DATA SUPPLIED below:

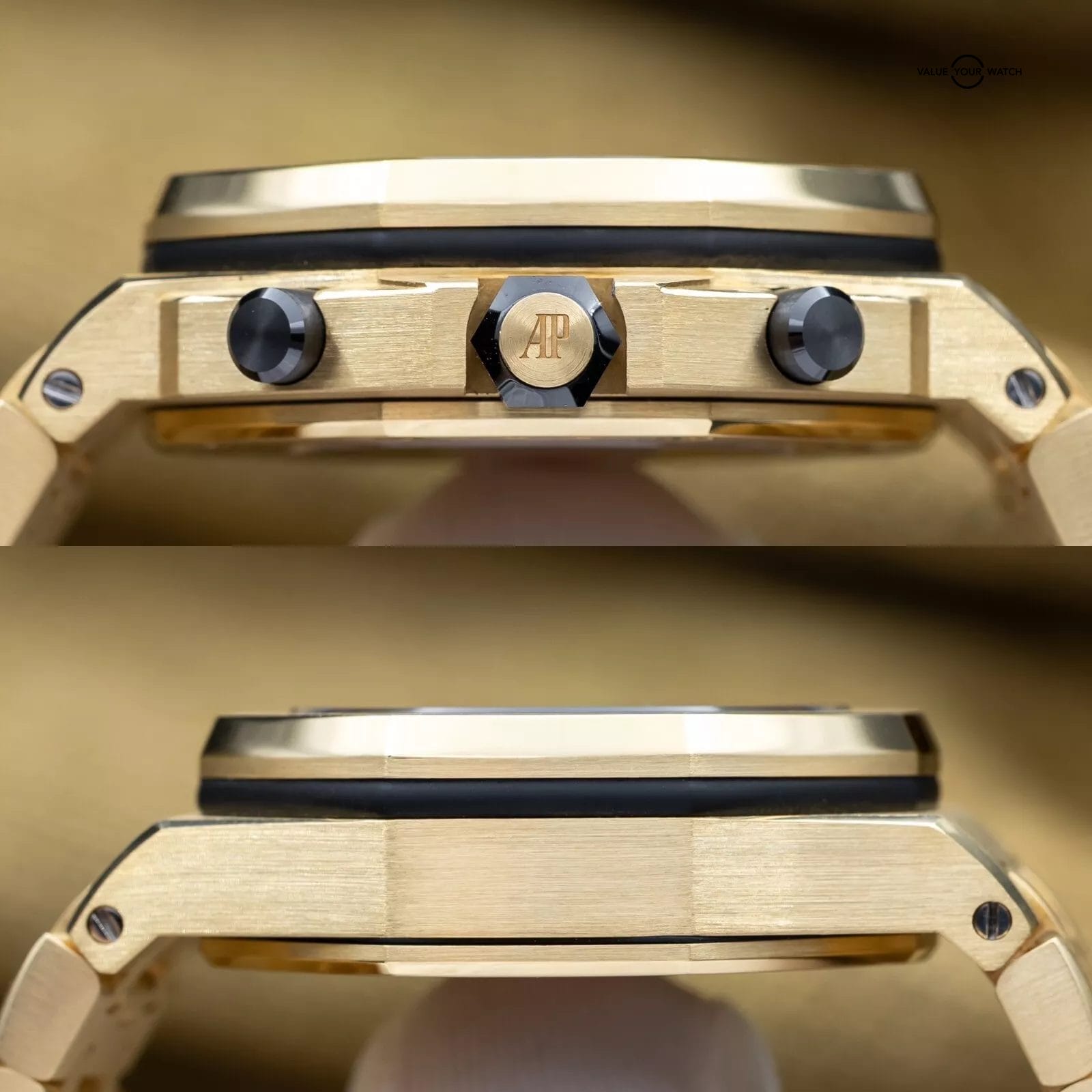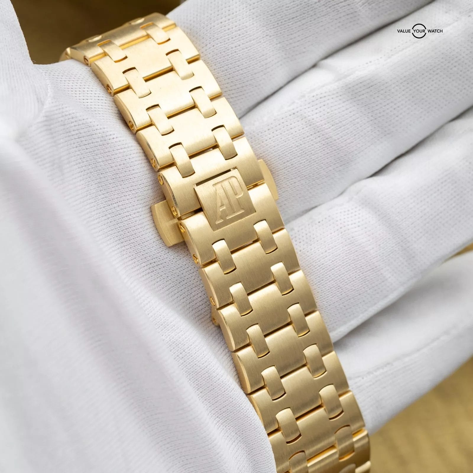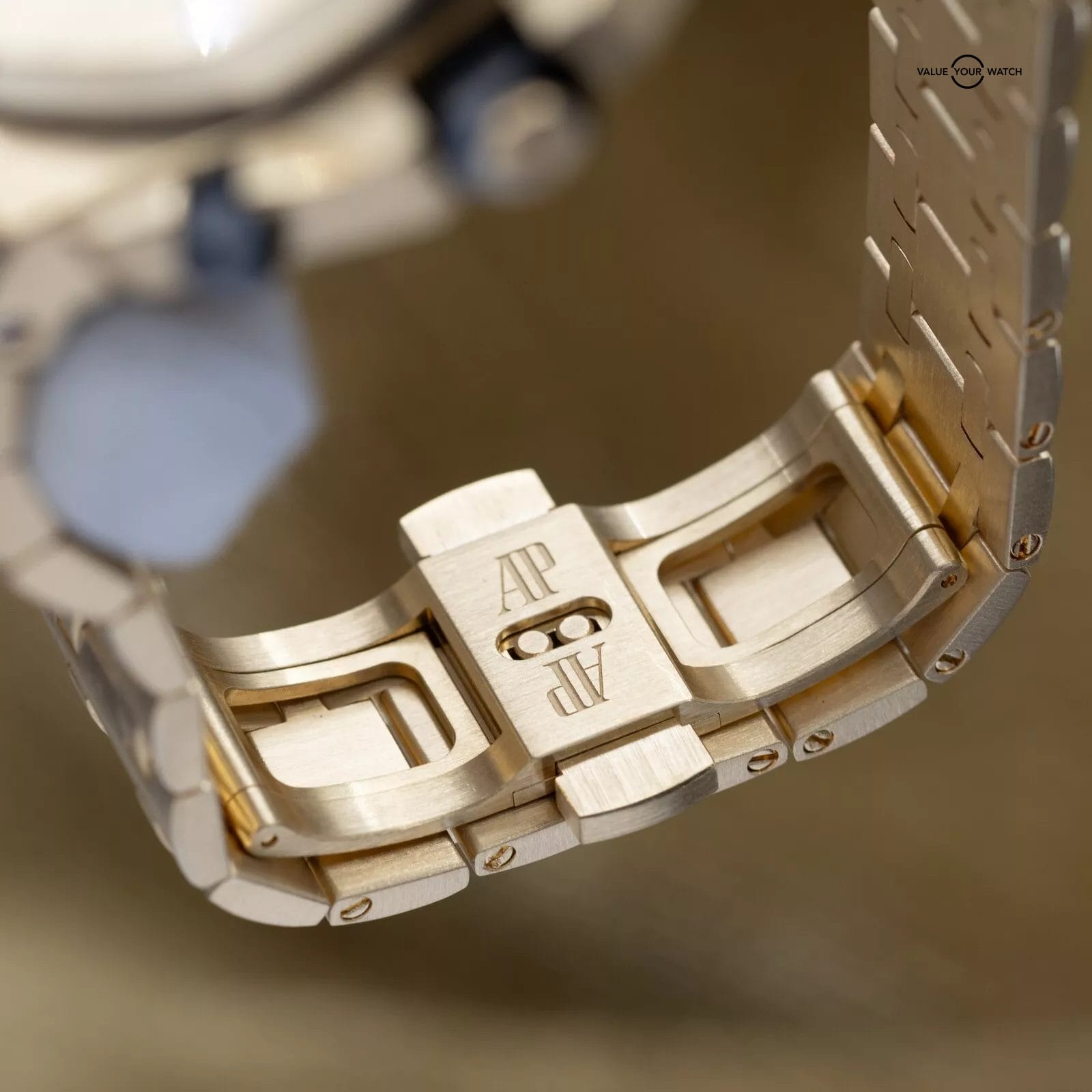 Included are full box and papers including the warranty card from 2019 and all original rose gold bracelet links. The case, crystal and bracelet are in outstanding condition. Watch is in complete working order and keeping great time, as you’d expect from the house of AP.
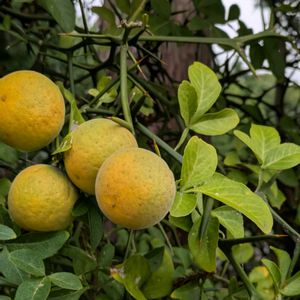 🍁🍂🍁🍂🍁🍂🍁🍂 カラタチの実 💛💛💛 春の白い花も素敵でした 実がなるのも😊 眺める 魅力 笑 ( 食べるには 不可 ) トゲトゲも ア-ト 🍁🍂🍁🍂🍁🍂🍁🍂 残念なのは 散歩みちの 植物 ܾ ܾ 𖥧𓇣𖦥𖥧𖥣 そこに行かなくては 愛でれない 😆!!
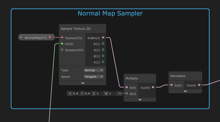 You’ll notice that I multiply the output of the normal map sampler by (0.4,0.4,1). This weakens the sideways components while leaving the vertical alone. Essentially making the vector point slightly more towards the Z direction. Then, after re-normalizing it, I get a new normal vector that is my sampled texture, but dampened slightly. I would ramp up the strength of this normal map in conjunction with the strength of my height sampling in the vertex program.
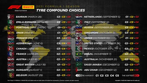 Pirelli heeft alle bandencompounds die dit jaar gebruikt zullen worden voor het gemak alvast aangekondigd in aanloop naar het nieuwe seizoen. (Foto: Pirelli Motorsport)
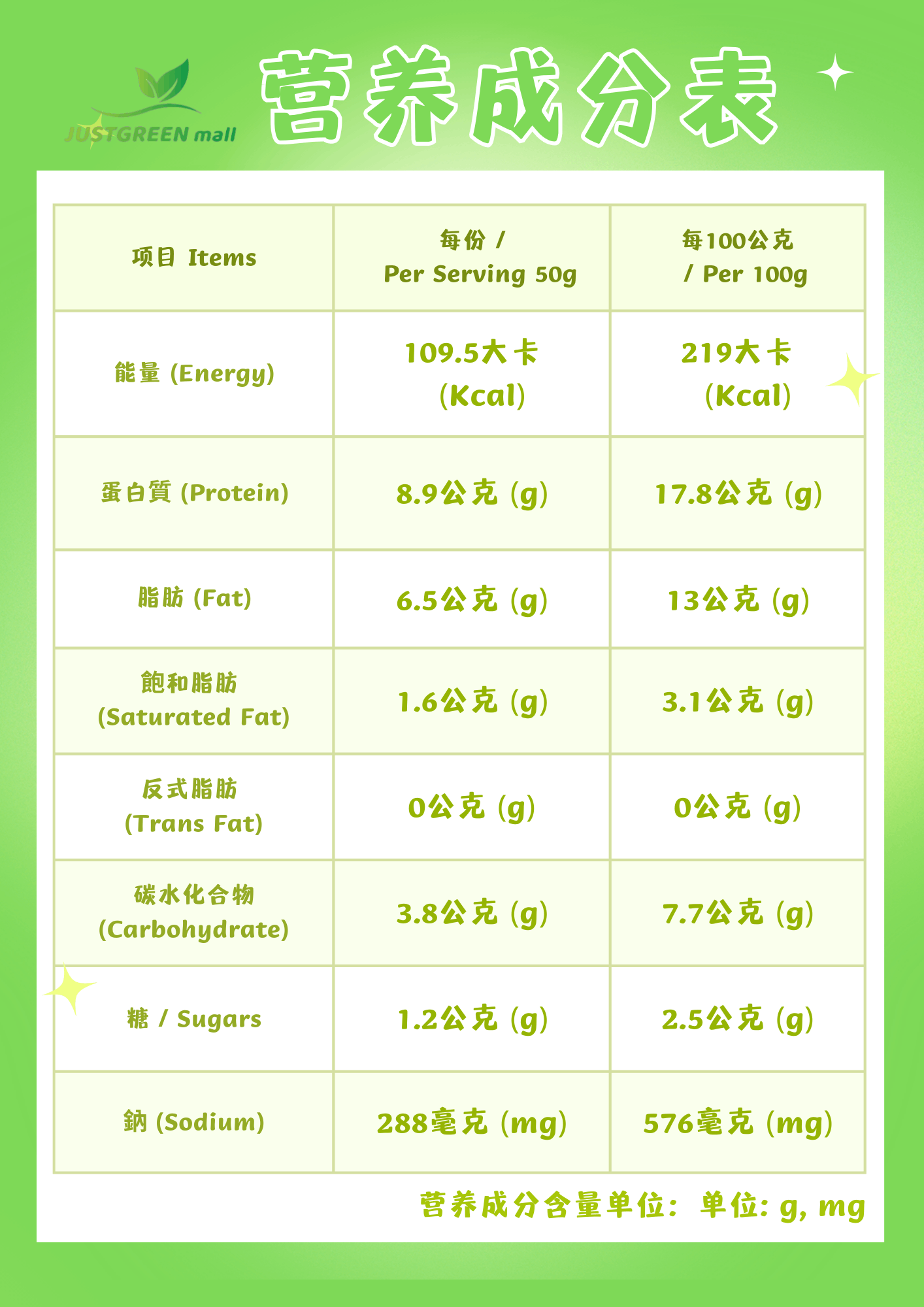 配料成分 水、組織狀大豆蛋白(非基因改造)(大豆、麩質)、起士(牛奶)、大豆油、醬油(大豆、麩質)、小麥蛋白(麩質)、蛋白粉(蛋白)、修飾澱粉(醋酸澱粉)、二砂、素食調味料(L-麩酸鈉、甘草酸鈉(甜味劑)、DL-胺基丙酸、5'-次黃嘌呤核苷磷酸二鈉、5'-鳥嘌呤核苷磷酸二鈉、琥珀酸二鈉)、素食香料、碘鹽、紅麴米粉
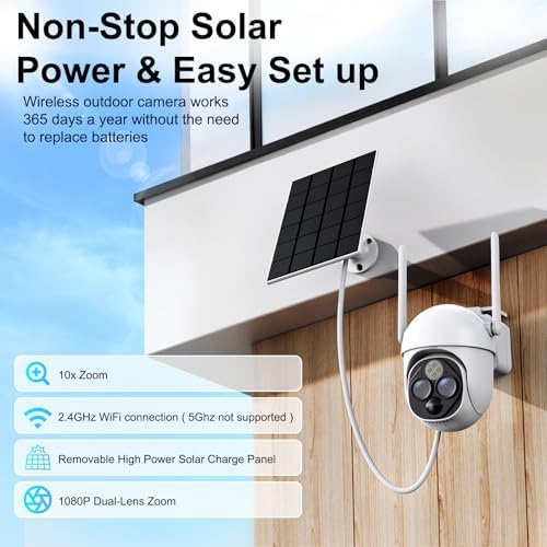 【Solar Power & Cameras】Our solar-powered outdoor camera eliminates the need for wires and cables for convenient outdoor use, instead featuring a rechargeable solar panel for necessary power.
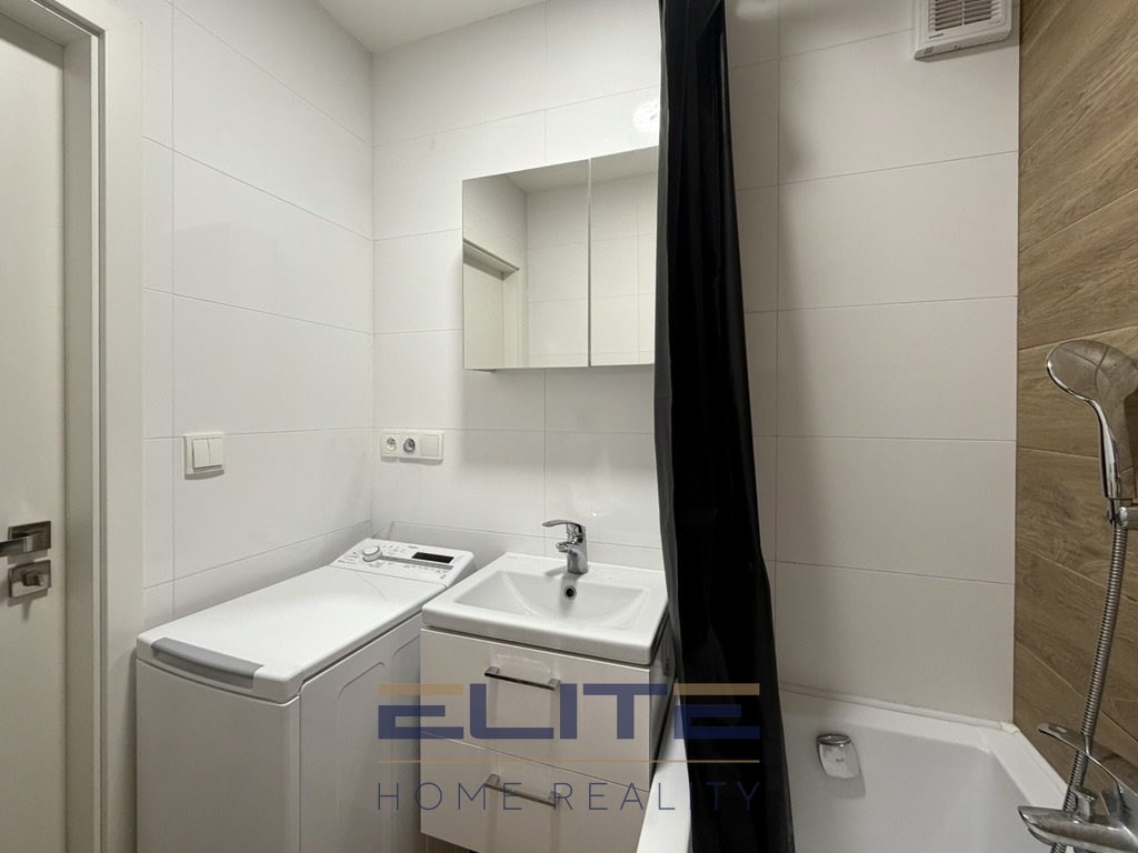 Byt se nabízí bez nábytku – na fotografiích je sice částečně vybaven, toto vybavení však nebude součástí pronájmu. V bytě jsou vinylové podlahy. Kuchyňská linka je vybavena sklokeramickou varnou deskou, elektrickou troubou, digestoří a mikrovlnnou troubou, Koupelna je vybavena vanou se skleněnou zástěnou, umyvadlem a zrdcadlem nad umyvadlem, ostatní vybavení si nový nájemník zajišťuje sám.
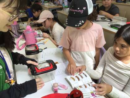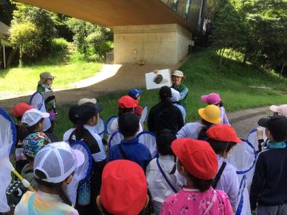 自然観察の森では、実際に生き物を採取し、からだのつくりを学びました。また、標本を使って、昆虫の羽の観察もしました。
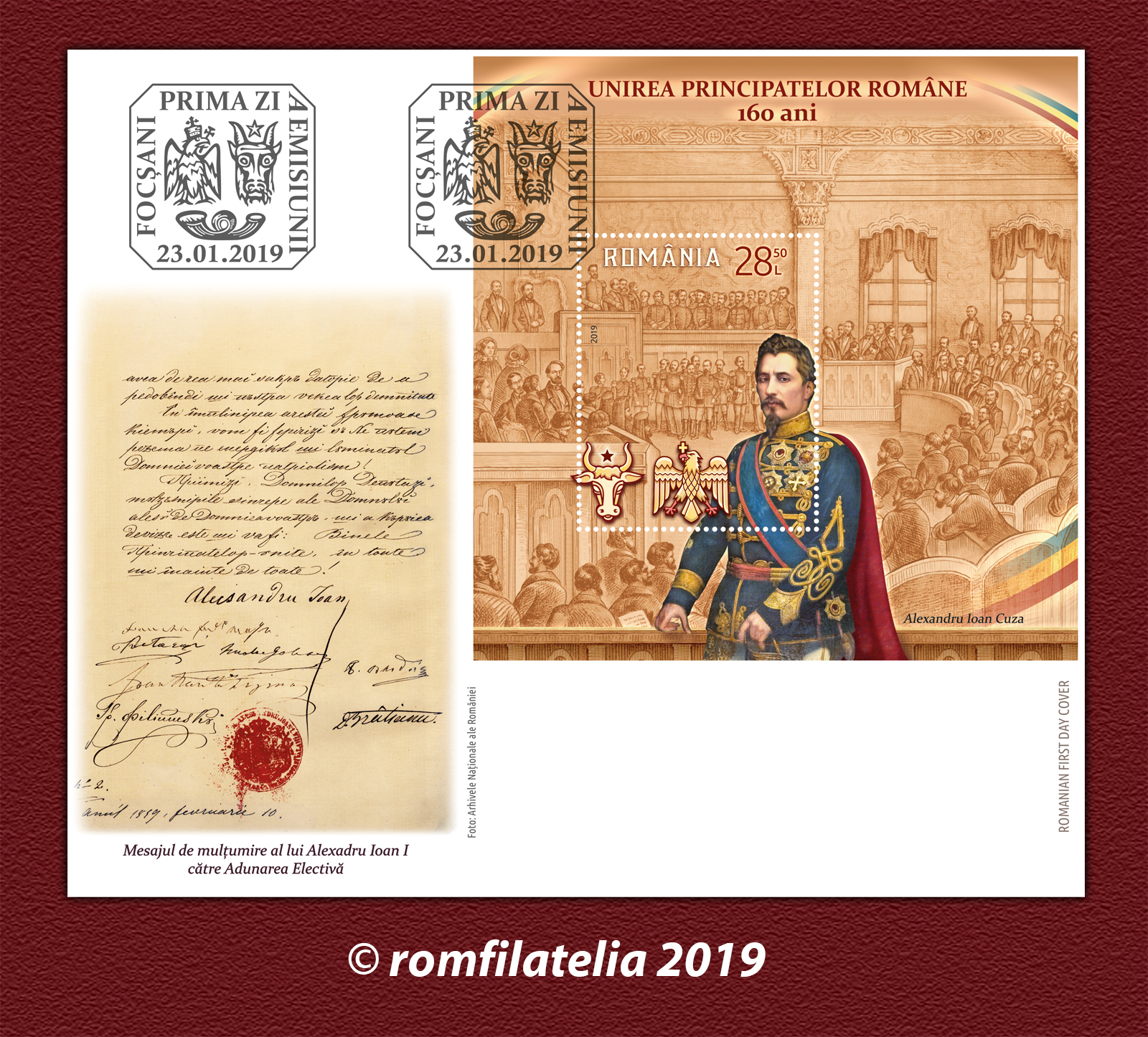 Plic prima zi UNIREA PRINCIPATELOR ROMÂNE, 160 DE ANI – Romfilatelia-O lume intr-un timbru

End of DATA SUPPLIED.

WHAT THE EXERCISE ASKS:
Write the lines from the one with "自然観察の森では、実際に生き" through the last line of the entries out again exactly, both ends included, and skip the pictures.

SOLVED PROBLEM:
 自然観察の森では、実際に生き物を採取し、からだのつくりを学びました。また、標本を使って、昆虫の羽の観察もしました。
 Plic prima zi UNIREA PRINCIPATELOR ROMÂNE, 160 DE ANI – Romfilatelia-O lume intr-un timbru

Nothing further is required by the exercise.